If I desire to flourish in soul, I must not hoard up my stores, but must distribute to the poor. To be close and stingy is the world's way to prosperity, but not God's (see ver. 24). Faith's way of gaining is giving. I must try this again and again; and I may expect that as much of prosperity as will be good for me will come to me as a gracious reward for a liberal course of action. Of course, I may not be sure of growing rich. I shall be fat, but not too fat. Too great riches might make me as unwieldy as corpulent persons usually are, and cause me the dyspepsia of worldliness, and perhaps bring on a fatty degeneration of the heart. No, if I am fat enough to be healthy, I may well be satisfied; and if the Lord grants me a competence, I may be thoroughly content. But there is a mental and spiritual fatness which I would greatly covet; and these come as the result of generous thoughts towards my God, His Church, and my fellow-men. Let me not stint, lest I starve my heart. Let me be bountiful and liberal; for so shall I be like my Lord. He gave Himself for me: shall I grudge Him anything?

( C. H. Spurgeon.)

If I carefully consider others, God will consider me; and in some way or other He will recompense me. Let me consider the poor, and the Lord will consider me. Let me look after little children, and the Lord will treat me as His child. Let me feed His flock, and He will feed me. Let me water His garden, and He will make a watered garden of my soul. This is the Lord's own promise; be it mine to fulfil the condition, and then to expect its fulfilment. I may care about myself till I grow morbid; I may watch over my own feelings till I feel nothing; and I may lament my own weakness till I grow almost too weak to lament.
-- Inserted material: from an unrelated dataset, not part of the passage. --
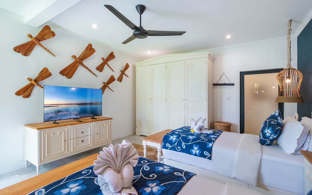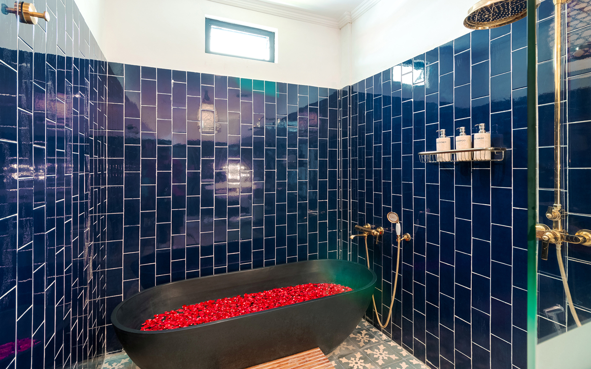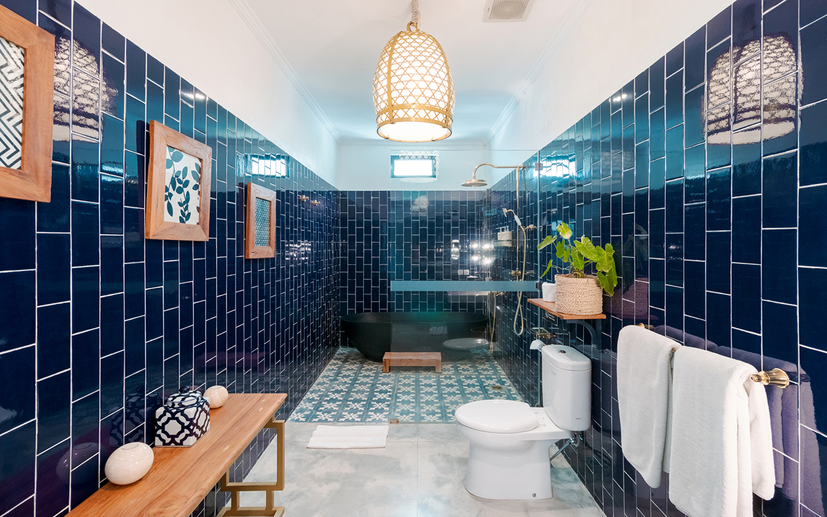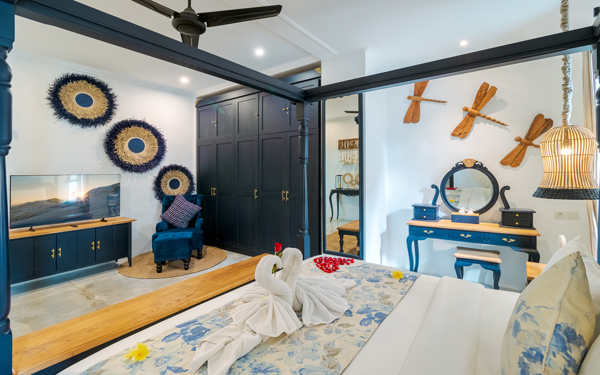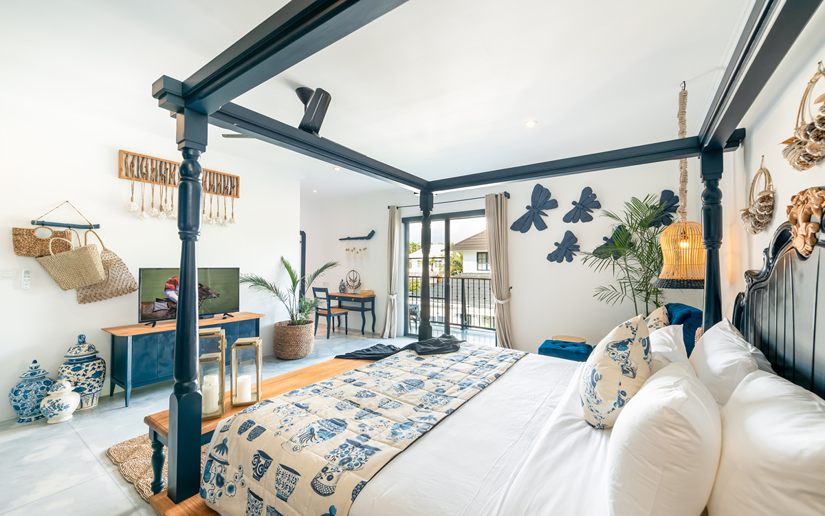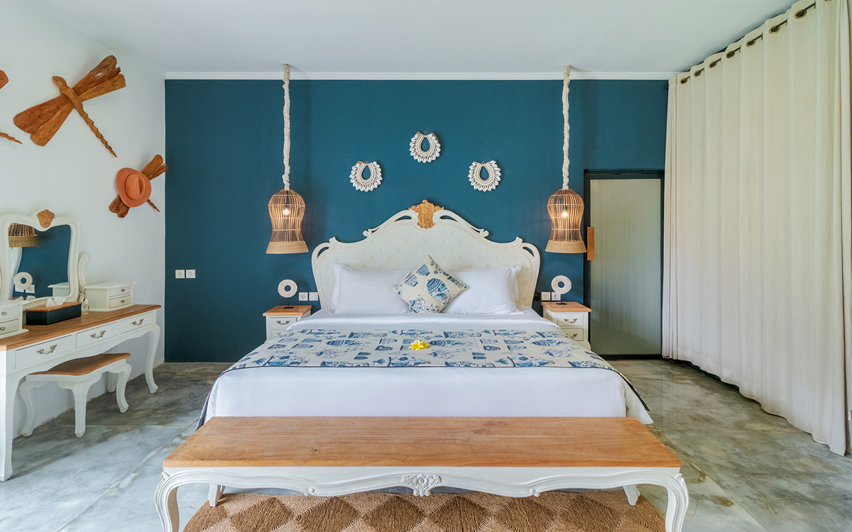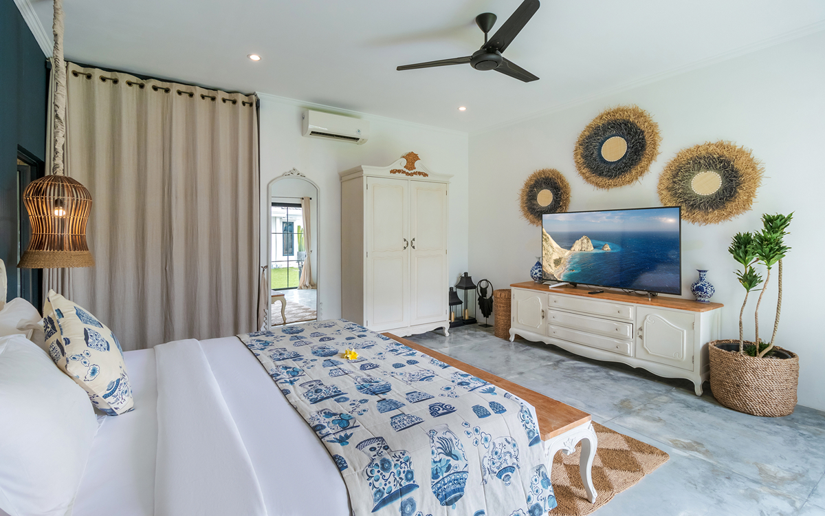 Villa Pinta Biru has 5 bedrooms. There are 2 modern master bedrooms in the main house, 2 double bedrooms in a separate building and 1 twin room adjacent to the main house (ideal for kids sharing). Each room is styled individually with unique artwork and furnishings, but all feature the same level of comfort: quality mattresses, beautiful duvets and AC. Some rooms have their smart TV for movie watching from the bed. All the rooms have spacious wardrobes and private en-suite bathrooms with rain showers. One of the master suites boasts a decadent copper bathtub.

It will be far more profitable for me to become unselfish, and out of love to my Lord Jesus begin to care for the souls of those around me. My tank is getting very low; no fresh rain comes to fill it; what shall I do? I will pull up the plug, and let its contents run out to water the withering plants around me. What do I see? My cistern seems to fill as it flows. A secret spring is at work. While all was stagnant, the fresh spring was sealed; but as my stock flows out to water others, the Lord thinketh upon me. Hallelujah!